A manufacturer of television tubes has two types of tubes, A and B, respectively, the tubes have mean lifetimes of
xA = 1495 hours and xB = 1875 hours, and standard deviation of SA = 280 hours and SB = 310 hours. Which tube has the greater (a) absolute dispersion and (b) relative dispersion?
The weights of 10 boxes of a children brand of cereal have a mean content of 278 grams with an S.D of 9.64 grams. If these boxes were purchased at 10 different stores and the average price per box is $ 1.29 with an S.D of $ 0.09, can you conclude that the weights are relatively more homogeneous than the prices?
To determine which tube has the greater absolute dispersion, we can compare the standard deviations of the two types of tubes. The formula for absolute dispersion is the standard deviation multiplied by a constant factor.
(a) Absolute Dispersion:
The formula for absolute dispersion is given by:
Absolute Dispersion = Standard Deviation * Constant Factor
The constant factor is chosen based on the desired level of confidence.
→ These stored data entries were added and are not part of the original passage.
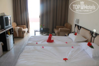 нам повезло.номера просторные ,мебель в калорите.телефизор,фен,кондей.кроватей двухспальных в отеле , мы так поняли,нет.ставят 2 полуторки.дырку можно заткнуть пледом,все так и делали.ванна с туалетом отдельная.состояние не очень,но за те деньги,которые мы заплатили ,ожидали худшего.очень красивый балкон-огромный ,со стеклянными дверьми-купе.2 кресла,столик.шкаф,тумба под тв и прикроватные-стандарт.убирают кровать ,выкладывают цветами,меняют полотенца.пол помыли 1 раз.ребята с детьми,говорят,мыли сами....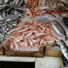 魚や野菜、スパイスなど食材を置いている店が多くありました。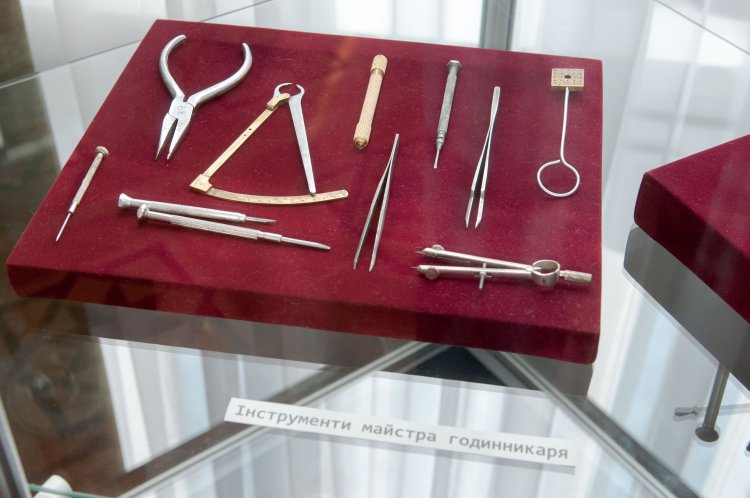Завдяки допомозі друзів музею, годинникових майстрів Ігоря Кірпічнікова та Наталі Пудайло, на виставці представлено набір інструментів, якими користувались та користуються представники цієї професії.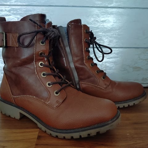 Kivat, vaaleat talvikengät, joita on käytetty muutaman kerran. Ostettu viime vuoden maaliskuussa. Katso pieni tummentuma reunassa, ei ole yritetty poistaa. Koko 41, mutta malli ei sopinut jalkaani. Keinomateriaalia, ei nahkaa.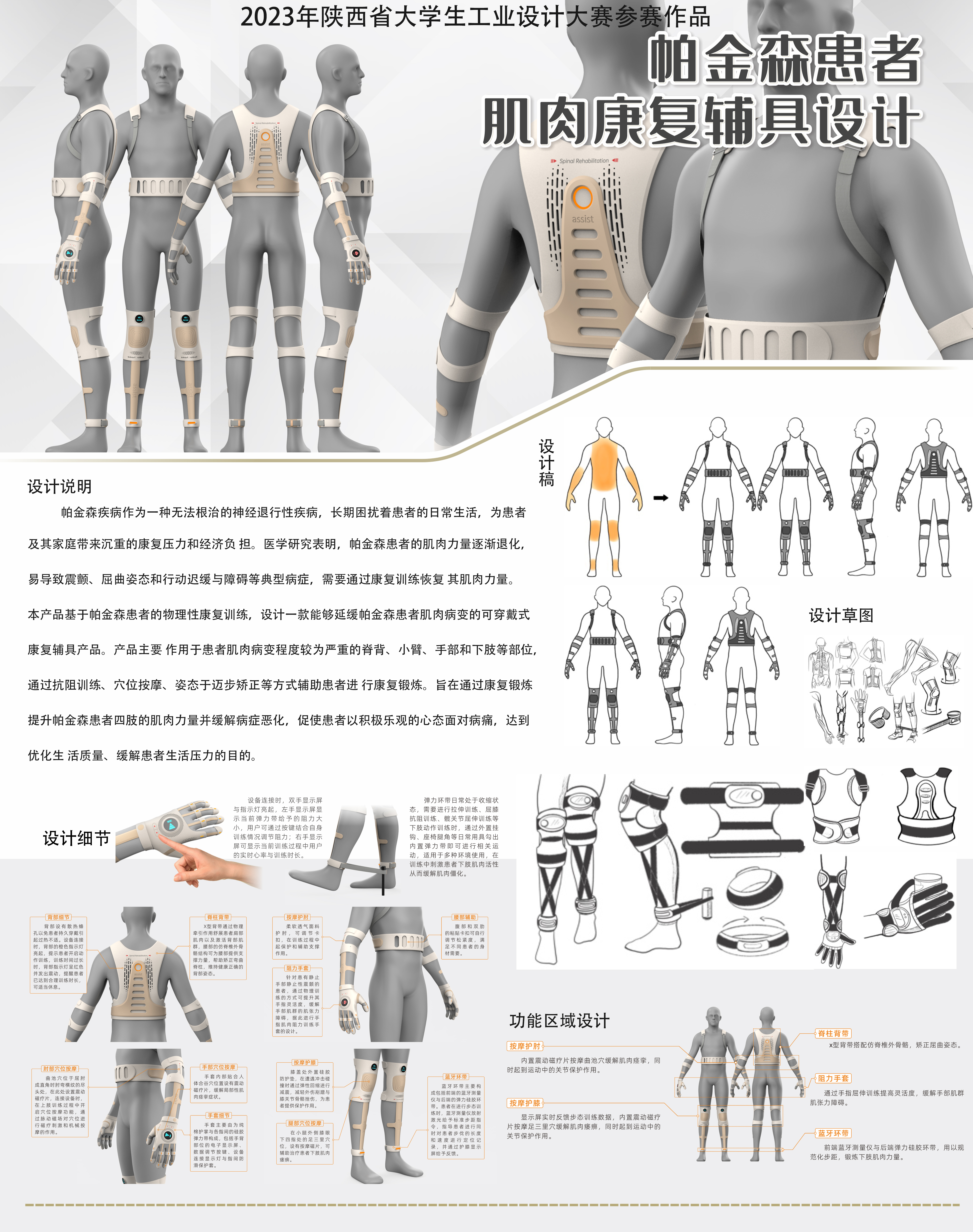 帕金森疾病作为一种无法根治的神经退行性疾病,长期困扰着患者的日常生活,为患者及其家庭带来沉重的康复压力和经济负 担。医学研究表明,帕金森患者的肌肉力量逐渐退化,易导致震颤、屈曲姿态和行动迟缓与障碍等典型病症,需要通过康复训练恢复 其肌肉力量。本产品基于帕金森患者的物理性康复训练,设计一款能够延缓帕金森患者肌肉病变的可穿戴式康复辅具产品。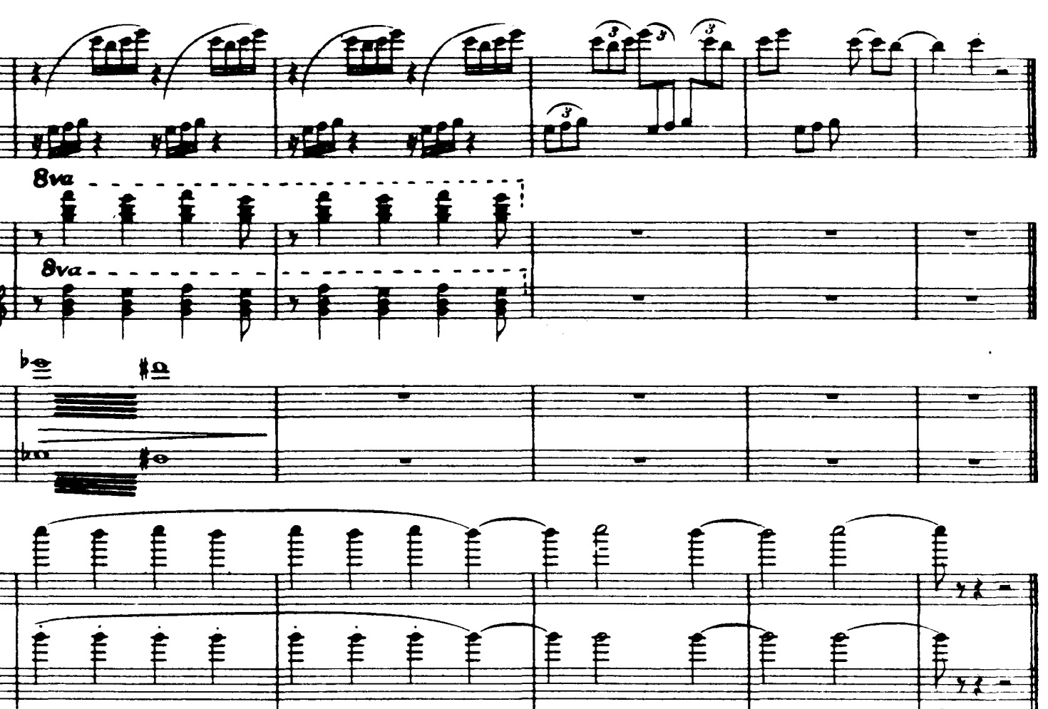 Strygergruppens spil bliver mere og mere intenst, indtil det tredje tema nærmest vokser ud af deres samspil. Dette består af nogle spring, oppefra og ned, som gentages og flyttes:

For a 95% confidence level, the constant factor is approximately 1.96.
So, for Tube A:
Absolute Dispersion A = Standard Deviation A * 1.96
= 280 * 1.96
For Tube B:
Absolute Dispersion B = Standard Deviation B * 1.96
= 310 * 1.96
Now, we can compare the absolute dispersions of Tube A and Tube B. The tube with a higher absolute dispersion value will have a greater dispersion of values.
(b) Relative Dispersion:
To calculate relative dispersion, we need to calculate the coefficient of variation (CV) for each tube. The coefficient of variation is the ratio of the standard deviation to the mean, expressed as a percentage.
The formula for CV is given by:
CV = (Standard Deviation / Mean) * 100
For Tube A:
CV A = (Standard Deviation A / Mean A) * 100
= (280 / 1495) * 100
For Tube B:
CV B = (Standard Deviation B / Mean B) * 100
= (310 / 1875) * 100
Now, we can compare the coefficient of variation for Tube A and Tube B. The tube with a higher coefficient of variation will have a greater relative dispersion.